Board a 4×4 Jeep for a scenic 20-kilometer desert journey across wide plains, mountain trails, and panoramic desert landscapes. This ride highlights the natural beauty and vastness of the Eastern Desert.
==
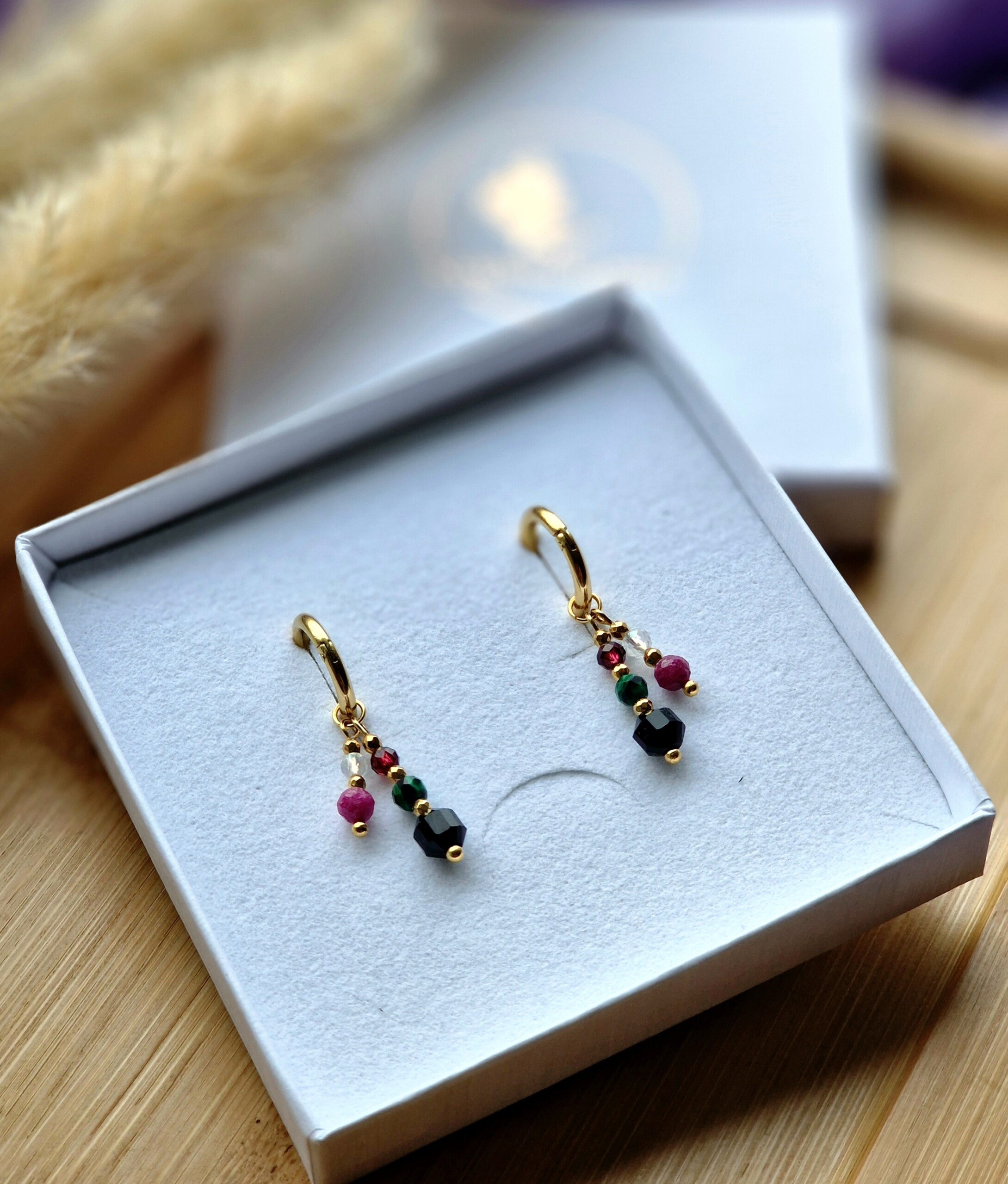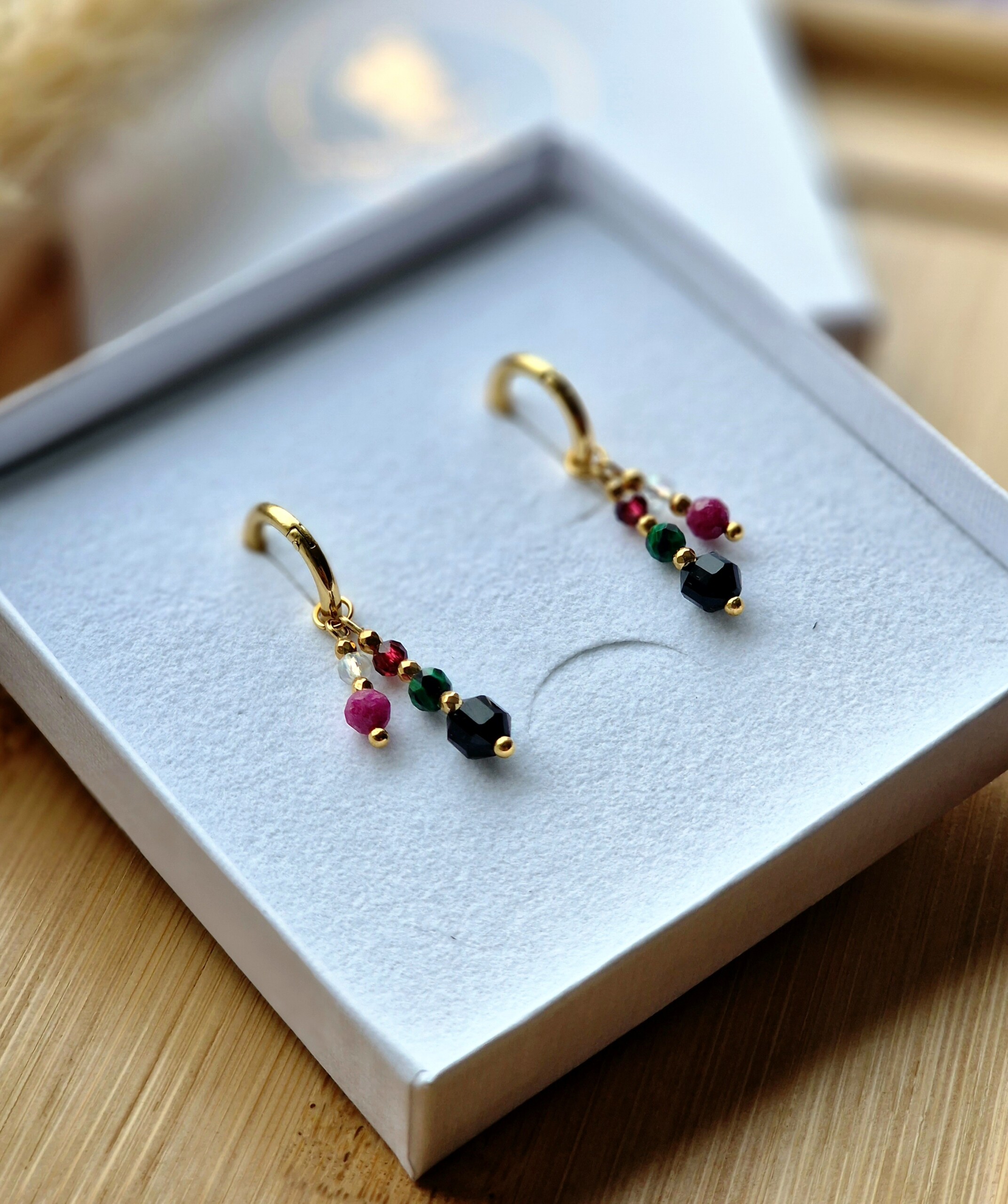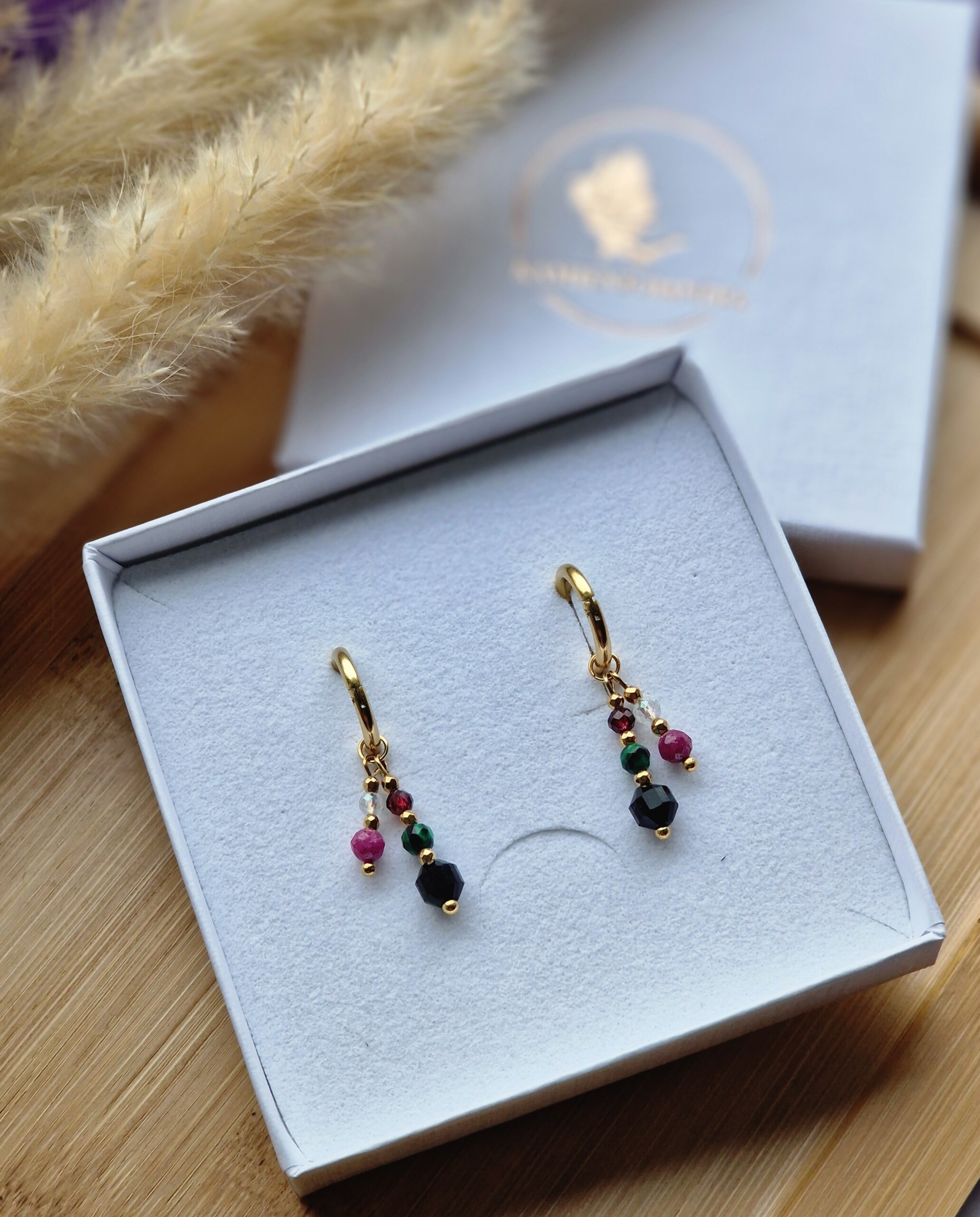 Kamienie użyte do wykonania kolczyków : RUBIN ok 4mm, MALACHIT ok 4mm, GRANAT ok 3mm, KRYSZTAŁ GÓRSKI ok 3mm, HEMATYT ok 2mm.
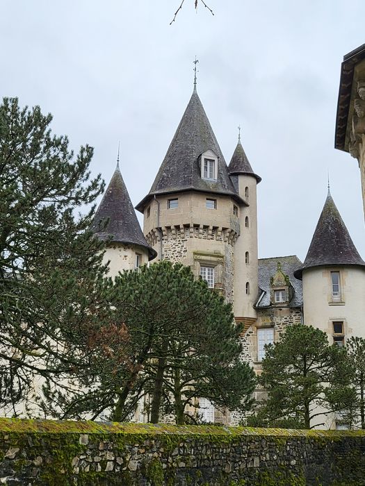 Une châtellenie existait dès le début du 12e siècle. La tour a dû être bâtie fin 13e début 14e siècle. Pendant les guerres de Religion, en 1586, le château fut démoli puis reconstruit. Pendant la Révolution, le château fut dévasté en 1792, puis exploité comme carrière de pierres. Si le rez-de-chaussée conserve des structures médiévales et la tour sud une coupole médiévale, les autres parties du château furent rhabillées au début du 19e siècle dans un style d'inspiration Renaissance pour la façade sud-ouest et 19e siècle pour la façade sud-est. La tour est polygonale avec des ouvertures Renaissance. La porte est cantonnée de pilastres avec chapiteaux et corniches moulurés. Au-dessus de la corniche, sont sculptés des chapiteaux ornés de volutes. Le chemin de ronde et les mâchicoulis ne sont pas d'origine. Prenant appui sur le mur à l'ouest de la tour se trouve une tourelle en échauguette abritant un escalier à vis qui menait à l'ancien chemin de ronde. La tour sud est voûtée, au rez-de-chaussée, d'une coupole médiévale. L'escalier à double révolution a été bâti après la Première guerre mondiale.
...
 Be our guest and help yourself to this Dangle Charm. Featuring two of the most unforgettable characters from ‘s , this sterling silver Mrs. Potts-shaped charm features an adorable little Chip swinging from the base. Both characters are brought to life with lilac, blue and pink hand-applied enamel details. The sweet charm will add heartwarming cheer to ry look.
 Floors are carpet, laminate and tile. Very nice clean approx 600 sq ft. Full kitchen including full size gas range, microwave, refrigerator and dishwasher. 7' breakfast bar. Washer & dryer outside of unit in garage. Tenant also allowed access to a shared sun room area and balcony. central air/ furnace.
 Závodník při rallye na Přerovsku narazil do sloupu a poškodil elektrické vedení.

DIRECTIONS: Above are the records. Copy the lines beginning at the one that has "Floors are carpet, laminate" and ending with the one that has "Závodník při rallye", unchanged.

RESULT OF THE TASK:
 Floors are carpet, laminate and tile. Very nice clean approx 600 sq ft. Full kitchen including full size gas range, microwave, refrigerator and dishwasher. 7' breakfast bar. Washer & dryer outside of unit in garage. Tenant also allowed access to a shared sun room area and balcony. central air/ furnace.
 Závodník při rallye na Přerovsku narazil do sloupu a poškodil elektrické vedení.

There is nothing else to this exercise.